Scottish First Division
- Season: 1980–81
- Champions: Hibs
- Promoted: Hibs Dundee
- Relegated: Stirling Albion Berwick Rangers
- Top goalscorer: Ally McCoist (22)

= 1980–81 Scottish First Division =

The 1980–81 Scottish First Division season was won by Hibs by six points over nearest rival Dundee.

==League table==

| Pos | Team | Pld | W | D | L | GF | GA | GD | Pts | Promotion or relegation |
| 1 | Hibernian (C, P) | 39 | 24 | 9 | 6 | 67 | 24 | +43 | 57 | Promotion to the Premier Division |
| 2 | Dundee (P) | 39 | 22 | 8 | 9 | 64 | 40 | +24 | 52 |
| 3 | St Johnstone | 39 | 21 | 10 | 8 | 64 | 44 | +20 | 52 |  |
| 4 | Raith Rovers | 39 | 20 | 10 | 9 | 49 | 32 | +17 | 50 |
| 5 | Motherwell | 39 | 19 | 11 | 9 | 65 | 51 | +14 | 49 |
| 6 | Ayr United | 39 | 17 | 11 | 11 | 59 | 42 | +17 | 45 |
| 7 | Hamilton Academical | 39 | 15 | 7 | 17 | 61 | 57 | +4 | 37 |
| 8 | Dumbarton | 39 | 13 | 11 | 15 | 49 | 50 | −1 | 37 |
| 9 | Falkirk | 39 | 13 | 8 | 18 | 39 | 52 | −13 | 34 |
| 10 | Clydebank | 39 | 10 | 13 | 16 | 48 | 59 | −11 | 33 |
| 11 | East Stirlingshire | 39 | 6 | 16 | 17 | 39 | 57 | −18 | 28 |
| 12 | Dunfermline Athletic | 39 | 10 | 7 | 22 | 41 | 58 | −17 | 27 |
| 13 | Stirling Albion (R) | 39 | 6 | 11 | 22 | 19 | 48 | −29 | 23 | Relegation to the Second Division |
| 14 | Berwick Rangers (R) | 39 | 5 | 11 | 23 | 30 | 82 | −52 | 21 |

==Promotion==

Hibs and Dundee finished first and second respectively and were promoted to the 1981–82 Scottish Premier Division.

==Relegation==

Stirling Albion and Berwick Rangers finished 13th and 14th respectively and were relegated to the 1981–82 Scottish Second Division.
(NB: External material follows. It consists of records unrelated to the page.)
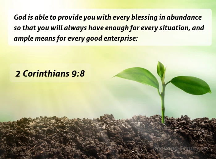 God is able to provide you with every blessing in abundance so that you will always have enough for every situation, and ample means for every good enterprise:
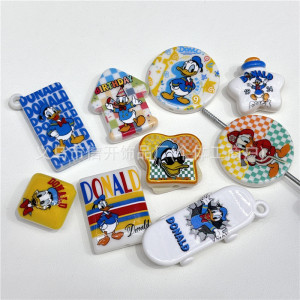 通孔唐老鸭卡通系印花滑板圆饼房子异形串珠笔手机链dit手工材料
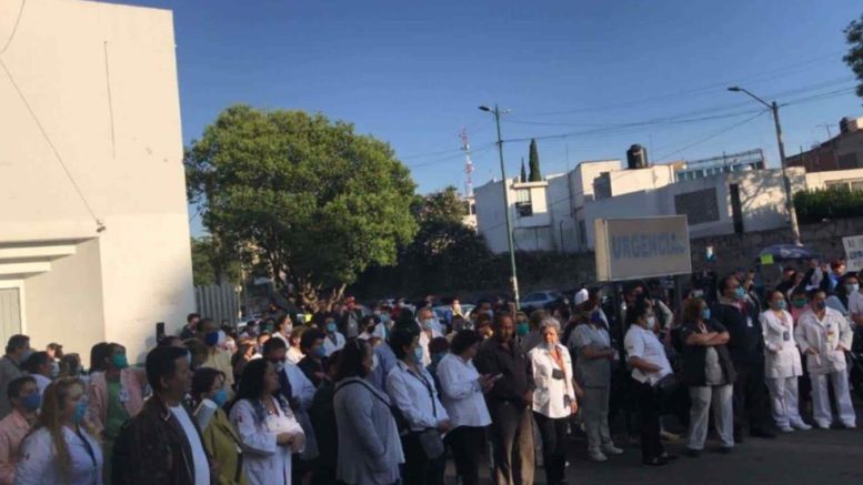 Ante la falta de insumos, esta mañana personal médicos del Hospital Regional 1° de Octubre del ISSSTE realiza una manifestación
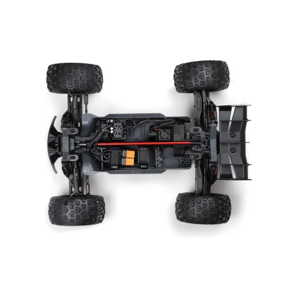 A fent említett fejlesztések olyan bevált ARRMA 4S BLX jellemzőkkel párosulnak, mint - hosszú rugóútú alumínium olajrugók, széles, masszív karok, fém differenciálművek és EXtreme Bash CVD acél első és hátsó hajtótengelyek a megállíthatatlan teljesítményleadás érdekében. A modell alváza a népszerű, könnyen hozzáférhető ARRMA moduláris kialakítással is rendelkezik, hogy a rutinszerű karbantartás gyors és egyszerű legyen.
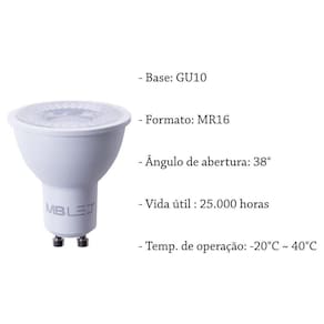 - base: gu10 - formato: mr16 - temperatura de cor: 3000k branco quente - tensão: bivolt - potência: 6w - fator de potência: 0.70 - fluxo luminoso: 417lm - eficiência luminosa: 69,5lm/w - ângulo de abertura: 38 - vida útil : 25.000 horas - temp. De operação: -20c 40c
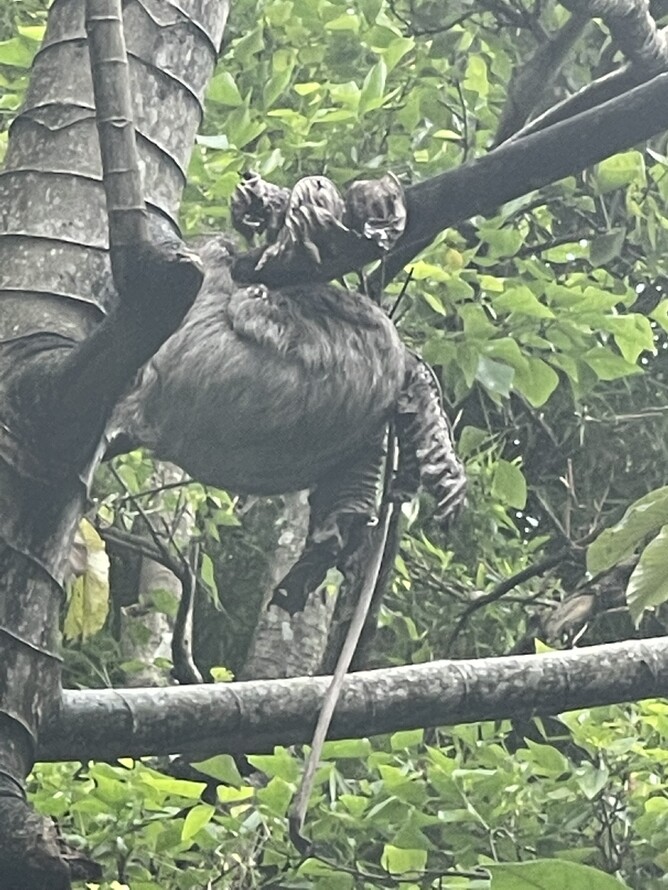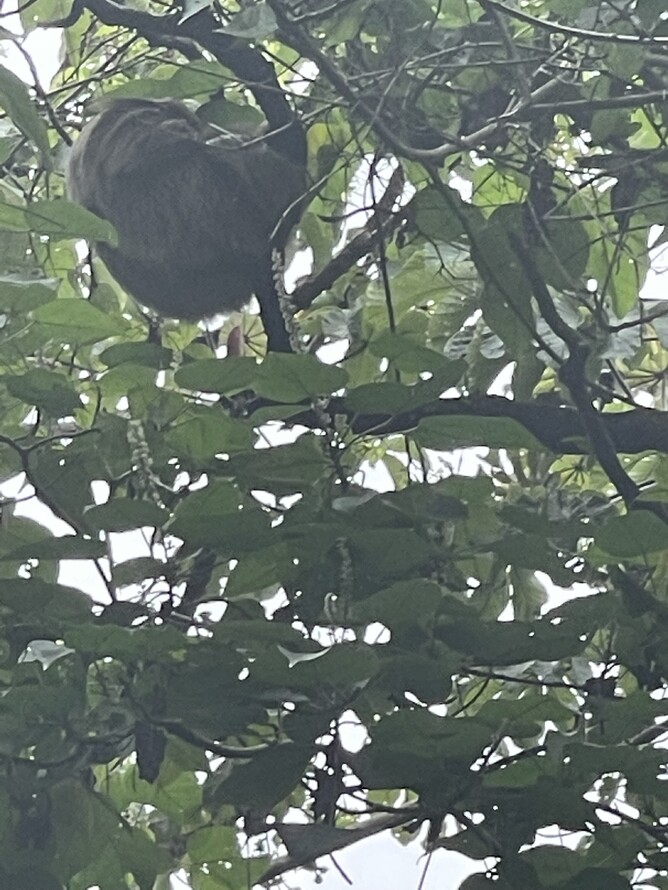 I kept on harping on about sloths, and I had read they were at the University of Costa Rica. I asked Alex whether that was on the tour? He said it wasn't, but he was going to the university after the tour as he was a student studying and he would take us. He said he could show us where the sloths were, as he is a guide in the summer doing walking tours of the grounds there too. So we all got a taxi there! I was getting excited ... and then Alex showed us one, and then another. I didn't expect to see them all curled up. They sleep for 20 hours of the day. More about sloths later. (A lot more, Ed.)
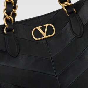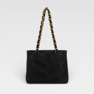 Bolso tote confeccionado en cuero negro con diseño de patrón chevron y estructura rígida. Incorpora asas de cadena dorada entrelazadas con cuero, además de un logotipo metálico al frente que aporta un toque distintivo y elegante. Su tamaño compacto lo hace ideal para llevarlo en el hombro o en la mano.
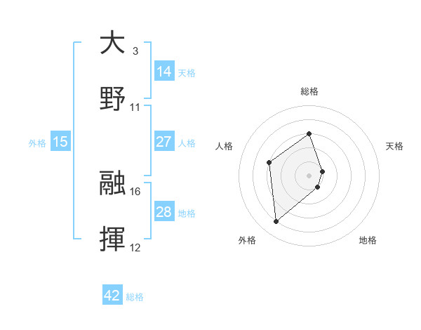 大野 融揮さんの総格は42画の3点!
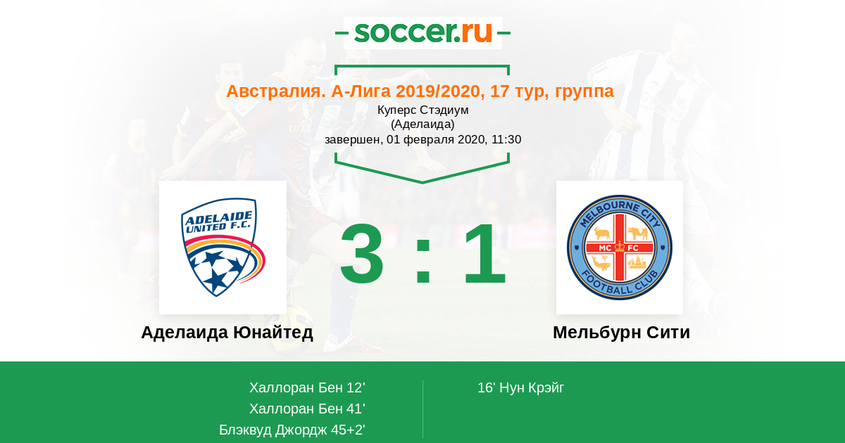 Протокол матча Аделаида Юнайтед против Мельбурн Сити
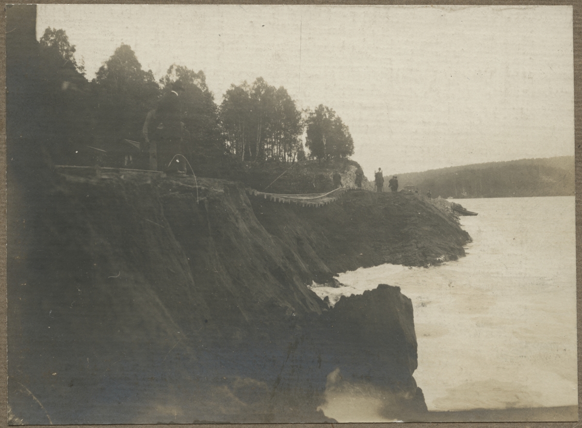 Dubbelspårsbanbyggnad Göteborg - Alingsås. Här ses skadorna efter banksprängningen vid sjön Sävelången, väster om Norsesund, Aug 1916.

In a Scottish League record Stirling failed to score in their last 14 league matches - their last goal of the league season was on 31 January in a 1-0 win over Dunfermline. They then only scored in 2 of their first 7 league games the following season.